_Prompt_. Give back each line of the data exactly as it reads, minus the pictures.

_Information supplied_.

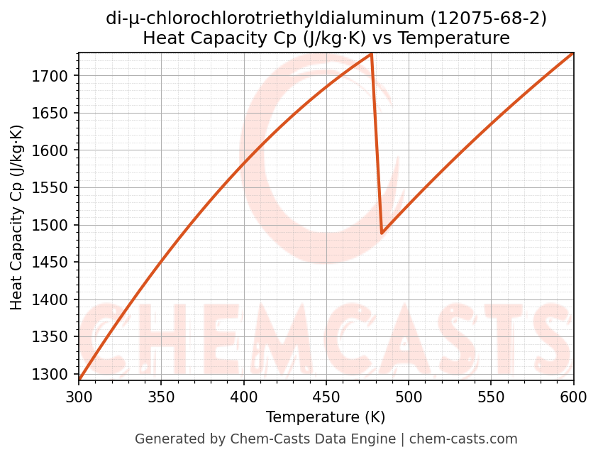 - Specific heat capacity (Cp) indicates the amount of energy required to raise the temperature of di-μ-chlorochlorotriethyldialuminum and is critical for energy balance and heat-exchanger design.
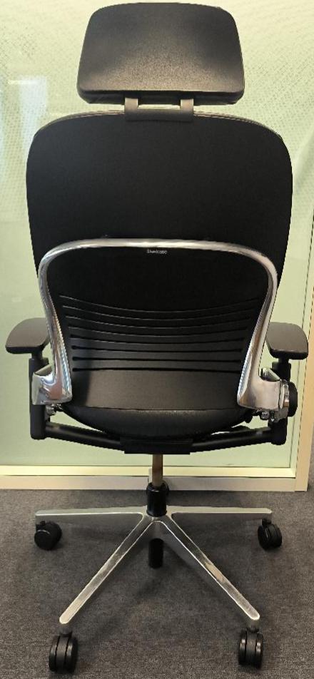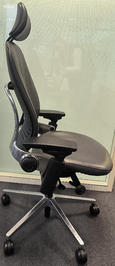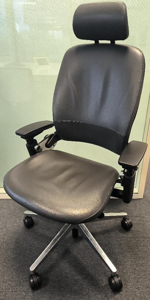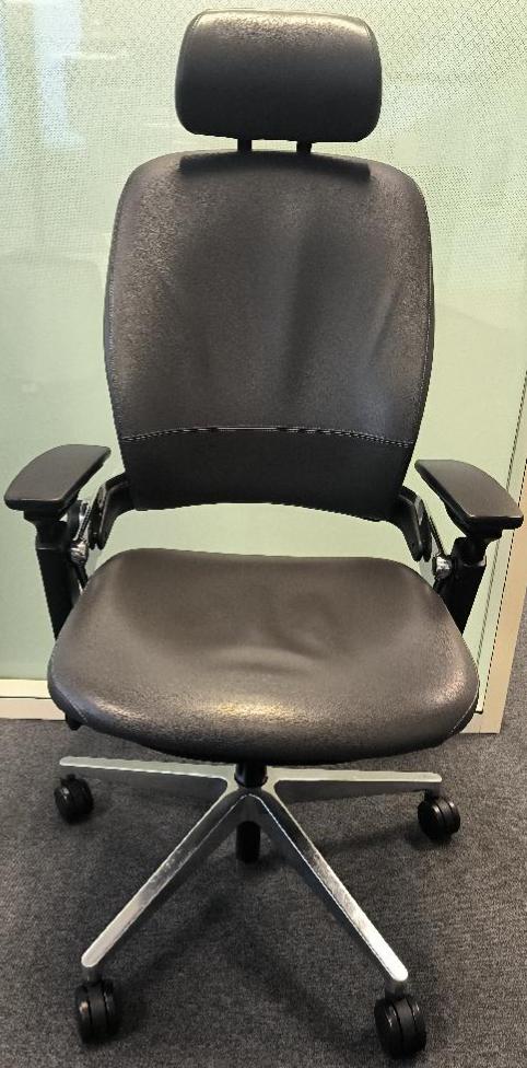 Fauteuil de direction de marque Steelcase, assise et dossier en cuir de couleur noir avec têtière, piétement étoile 5 branches en acier chromé. (très bon état). Dim : 130 x 66 x 72 cm. 1 UNITÉ AU TOTAL. (étiquette 5036)
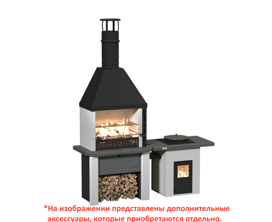 Уникальная печь 2-в-1 объединила самую популярную печь-барбекю «Принц» с мангальной зоной 640х400 и печь под казан «Князь» в одну систему с общим дымоходом 250 мм. Это максимум функциональности при экономии места и максимальной простой монтаж. Идеальное решение для самой разнообразной кухни в вашей зоне барбекю. Есть модификации с печью-тандыром "Хан".
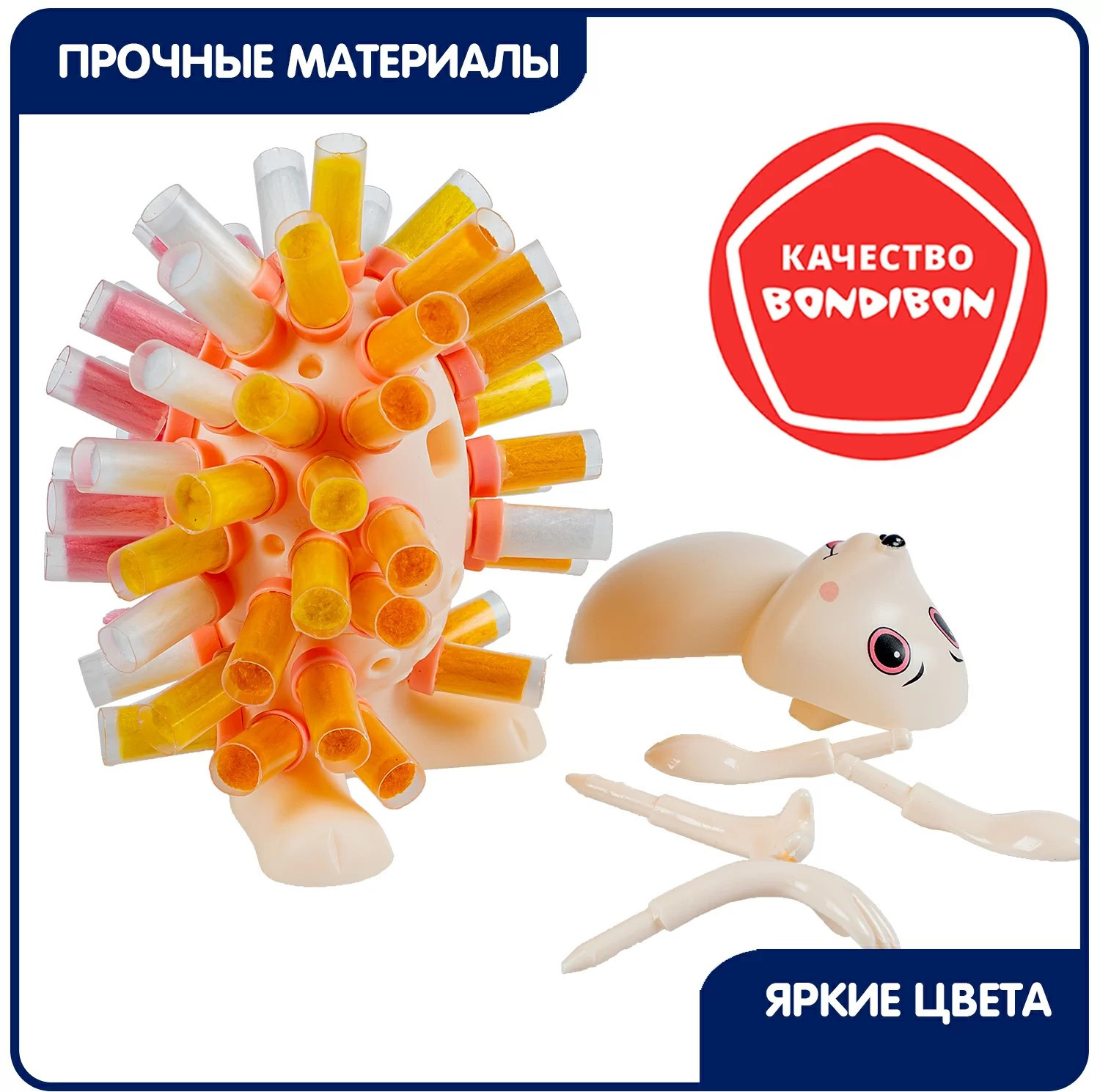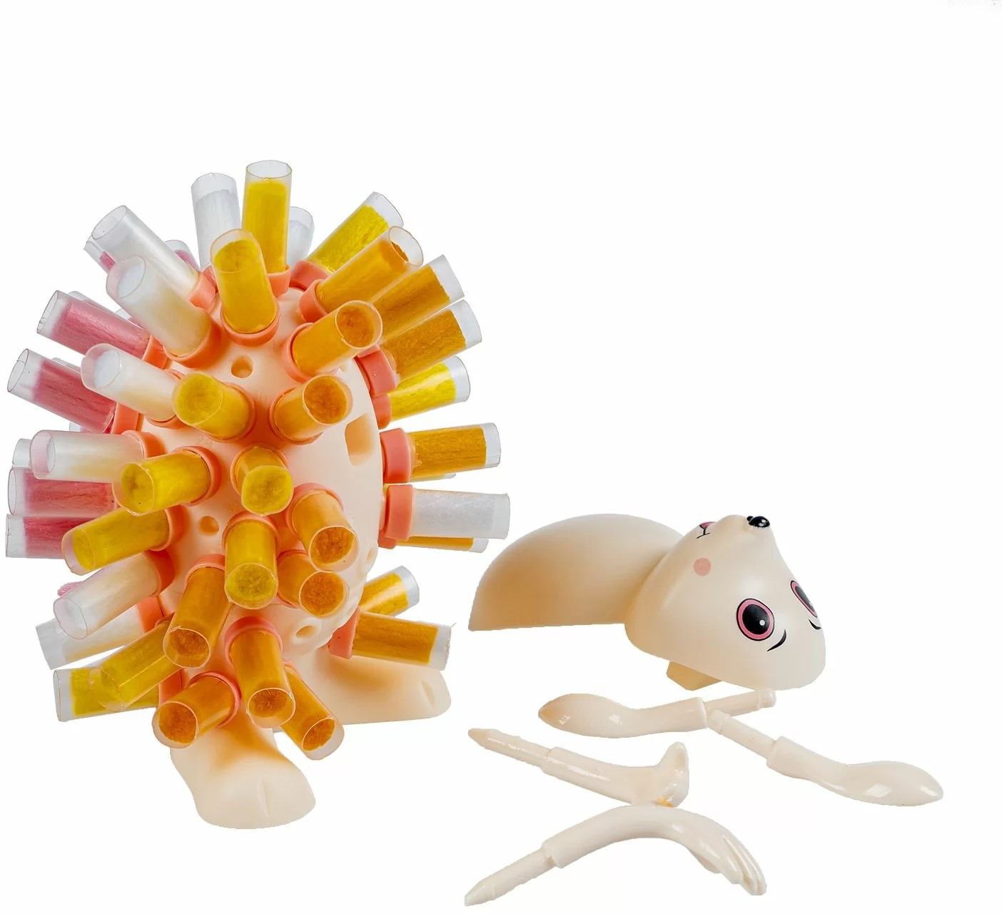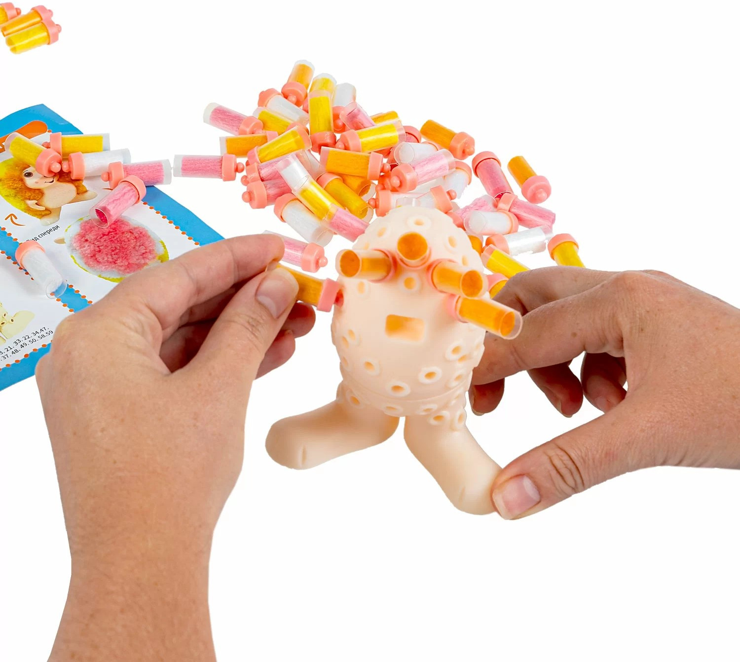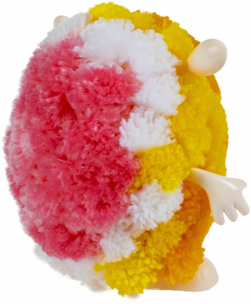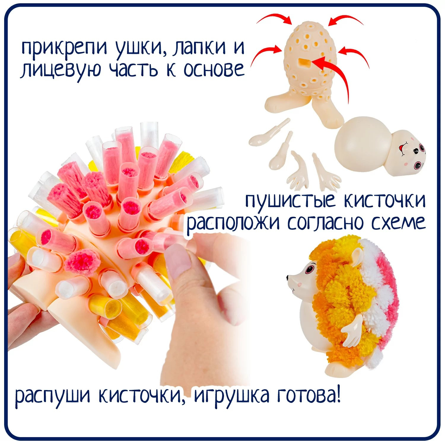 В наборе вы найдете все необходимое для создания этого солнечного пушистика: 1 основа ежика, 1 лицевая часть, 2 ушка, 2 лапки из пластмассы и набор цветных текстильных кисточек. Всего 70 деталей.

_Your solution_.
 - Specific heat capacity (Cp) indicates the amount of energy required to raise the temperature of di-μ-chlorochlorotriethyldialuminum and is critical for energy balance and heat-exchanger design.
 Fauteuil de direction de marque Steelcase, assise et dossier en cuir de couleur noir avec têtière, piétement étoile 5 branches en acier chromé. (très bon état). Dim : 130 x 66 x 72 cm. 1 UNITÉ AU TOTAL. (étiquette 5036)
 Уникальная печь 2-в-1 объединила самую популярную печь-барбекю «Принц» с мангальной зоной 640х400 и печь под казан «Князь» в одну систему с общим дымоходом 250 мм. Это максимум функциональности при экономии места и максимальной простой монтаж. Идеальное решение для самой разнообразной кухни в вашей зоне барбекю. Есть модификации с печью-тандыром "Хан".
 В наборе вы найдете все необходимое для создания этого солнечного пушистика: 1 основа ежика, 1 лицевая часть, 2 ушка, 2 лапки из пластмассы и набор цветных текстильных кисточек. Всего 70 деталей.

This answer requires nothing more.